Celebration can be tricky

celebrate-yourselfYesterday was my first wedding anniversary…or the seventh…we count both. Marriage can be hard, and for my husband and I, it was, and it wasn’t forever. But through healing, forgiveness and reconciliation, we remarried one year ago. So we count one year, and we count the prior six, we’ve earned them.

 

Leading up to our anniversary, I had a sense that it was a celebration. A big deal. I’ve also learned about my husband that he likes to celebrate and he’s really good at it. I’ve fallen short, something I’m aware of and strive to improve. The tangible stuff I do. I looked up the traditional gifts for seven-year anniversaries, copper, ok, worked that in. We’d planned to go away for the weekend, in fact we are away for the weekend as I write this. Santa Cruz – beautiful setting – awesome hotel – couples’ massage (that was his gift to me – score!) – great dinner. A proper weekend getaway to be sure. Of course, my husband started a couple days ago sending me a gorgeous bouquet to work – gaining him major points with the women at work. He outdoes himself for every celebration.

But for me, something is missing inside me. Not just in this celebration, in every situation where there is genuine cause to celebrate. You can guarantee I was not the mom giving trophies for showing up. Sorry boys. There’s something in how my brain is wired that sees accomplishment as an expectation. To say I am a high achiever is an understatement. At least with things I set my mind to. But celebrating those accomplishments? I basically don’t.

It’s not that I think every accomplishment needs fireworks, don’t misunderstand me. What I’ve noticed though is the feeling I have inside. It’s a flat, “ok, so check that one off.” I think about a comment my Dad made to me a couple years ago. I had decided to walk a marathon (I am not a runner – at all – I don’t even fake it). He said to me, “Do you really think you can’t walk a marathon?” No, I was sure I could do it. “Then why do it?” His comment really summed up my thinking. I knew I could do it. Not because I’d trained or was a fast walking champion, I just knew if I started I’d finish. It was the expectation element. So when I did, it was cool and all, but my inside self was flat.

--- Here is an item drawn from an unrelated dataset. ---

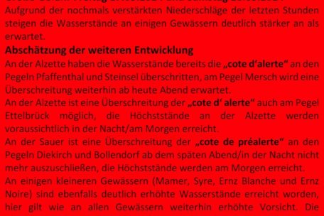 Die aktuellen Vorhersagen deuten auf eine Überschreitung der „cote de préalerte“ entlang der Alzette ab dem Nachmittag bis in die Nacht hinein an den Pegeln Hesperingen, Pfaffenthal, Steinsel, Mersch und möglicherweise Ettelbrück. An den Pegeln Hesperingen, Pfaffenthal und möglicherweise Steinsel können die Wasserstände auch bis in den Bereich der „cote d’alerte“ steigen.

I like celebrating other people, their accomplishments, their success. Seeing their joy, their pride. Joining in that gives me the warm fuzzies. The part I struggle with is the inner feeling of celebration – maybe it’s a self-pride in accomplishment. Not pride in a bad way, but pride in hard work. Whether I can do whatever it is I set my mind to isn’t the point, I still do the work hard to get there. Case in point, my marriage. It was hard work to get where we are today, that is something to celebrate.

And it’s not about other people celebrating me. It’s the inner dialogue. Is anyone else nodding their heads with me? There is value in celebrating your own success, not to the point of negative pride, but in encouragement. You see it throughout history, it’s even in the Bible.  It seems to me it’s a reprogramming for the sake of self-encouragement. It’s not brushing off accomplishment but taking a moment to pause.

Here’s the a-ha moment. It’s about being thankful. Grateful for the gifts and talents God has given you, given me. Thankful you’ve been able to use them to help others. There’s an authentic part to it, recognizing that your talents, your gifts, they make up who you are.  Celebrate how you’ve been able to use them, and continue to use them, as often as you can. Live in that spirit of thankfulness, gratefulness. That, my friends, is how I’ll choose to celebrate, grateful for my inner gifts that drive me to accomplish crazy things at times. Today, I’ll celebrate my gratefulness for the restoration of my marriage, and for my husband.

What do you need to celebrate today? Do it. Bring a spirit of gratefulness to it and just be with yourself, even if just for a moment. I’m celebrating with you.